Thanks for the warm welcome.


----------



## illini (Mar 11, 2007)

Great looking *Farmall *Farmall 
	

	
	
		
		



		
		
	


	





Did you do the restoration 
	

	
	
		
		



		
		
	


	





Wish I had the ol "C" back....I remember the clutch was sudden...she went from full stop to full go in one nanosec.


----------



## tonto1117 (Mar 11, 2007)

Howdy and hello farmall. Welcome to the SMF!!! I think my diddy had one of those


----------



## gunslinger (Mar 11, 2007)

Real ones do come in green. Oliver.
My tractor favorites are Ford N's. Used to mow on my folks farm on an 47 AC WC with HANDBRAKES!!!!!!
Oh yeah, welcome to SMF.


----------



## pigcicles (Mar 11, 2007)

Illini, I grew up with Farmall's. We had B, C, H, M, Super M. Nice solid tractors for small land. My step dad used to refurbish them and paint em back up to shape. We had a buzz saw on the front of one of them, we used to buzz slabs to go with the split wood. Always seemed like he wanted to buzz on the cold days though.
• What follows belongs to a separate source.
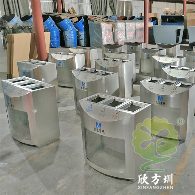 武漢地鐵站室內透明三分類不銹鋼垃圾桶
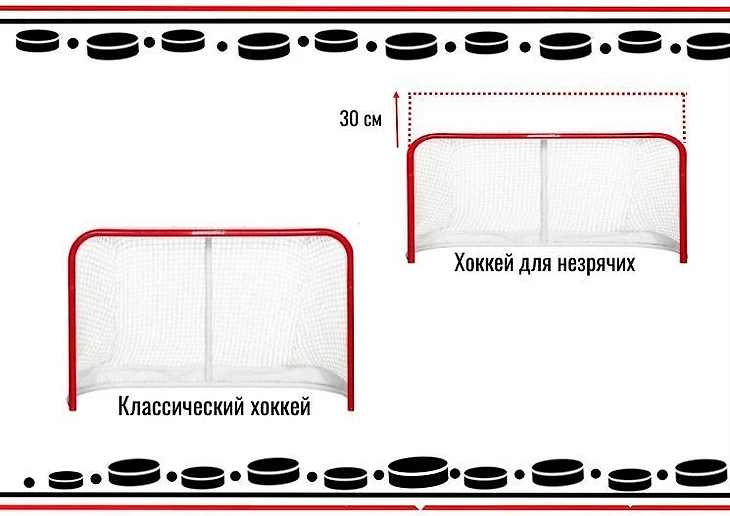 Вратарь в хоккее для незрячих должен вовсе ничего не видеть. Чтобы это гарантировать, на глаза хоккеиста надевают повязку. Представьте: он может ориентироваться только на слух и свои осязательные способности. Чтобы облегчить вратарям задачу, ворота в этом виде хоккея сделаны ниже обычных на 30 см.

BTW Welcome to the forum farmall. Glad you're here. If you have any questions at all please ask... we're here for ya man!

Keep Smokin


----------



## smoked (Mar 11, 2007)

ahhh I see now said the blind man, being a dumb city boy I thought those only came in "john deere" and green


----------



## deejaydebi (Mar 11, 2007)

Me to Smoked! Maybe it was a regional thing? John Deere up North and Farmall down south?


----------



## pigcicles (Mar 11, 2007)

Well here we go.. The Ford / Chevy debate over tractors. We've had red, blue, and green.. who's gonna take the orange one and yellow one?


----------



## farmall (Mar 11, 2007)

I will. I have a minnie mo also.


----------



## cajunsmoker (Mar 11, 2007)

Yellow was our choice and the one I learned on  Moline model GB


----------



## pigcicles (Mar 11, 2007)

We had one or two of those too, can't remember the models though.. and had a couple of Allis C in the mix too.. it was kind of like a used car lot out there. They would come in, get a make over and go back out


----------



## iceboxbbq (Mar 11, 2007)

Welcome Aboard!


----------



## Dutch (Mar 11, 2007)

Welcome to SMF, farmall! I'm enough of a ol' country boy to have spent a couple of summers walking behind one of those contraptions bucking 100 lb. haybales onto a flatbed trailer. Guy I worked for said that 10 acres fields was too small for a hay stacker.


----------



## cajun_1 (Mar 12, 2007)

Welcome to the SMF


----------



## naplesroo (Mar 14, 2007)

Hi Farmall from a former Okie.  Glad to have ya here.  You will learn lots.  I used to live in Thomas in Western Ok. and worked the oil and gas fields there.  Where are you located?  Moved to FL full time about 3 years ago.


----------



## farmall (Mar 17, 2007)

No kidding!!! I was born in Thomas and was raised in Fay. I now live in Weatherford. It's a small world.


----------



## lobo (Mar 17, 2007)

Welcome Farmall! Lots of good info here and others willing to help you along.


----------



## gremlin (Mar 17, 2007)

Welcome to the forum and I don't have a clue what your on about but for sure somebody will spill the beans !!........................Hello I need a little help here?


----------



## tonto1117 (Mar 17, 2007)

What am I missing????


----------



## gremlin (Mar 17, 2007)

Okay! I don't need a john deer to run over meeee  LOL
I kinda figured it had something to do with a farm machine. 
Just had to be sure
Thanks


----------



## tonto1117 (Mar 17, 2007)

LOL Gremlin.


----------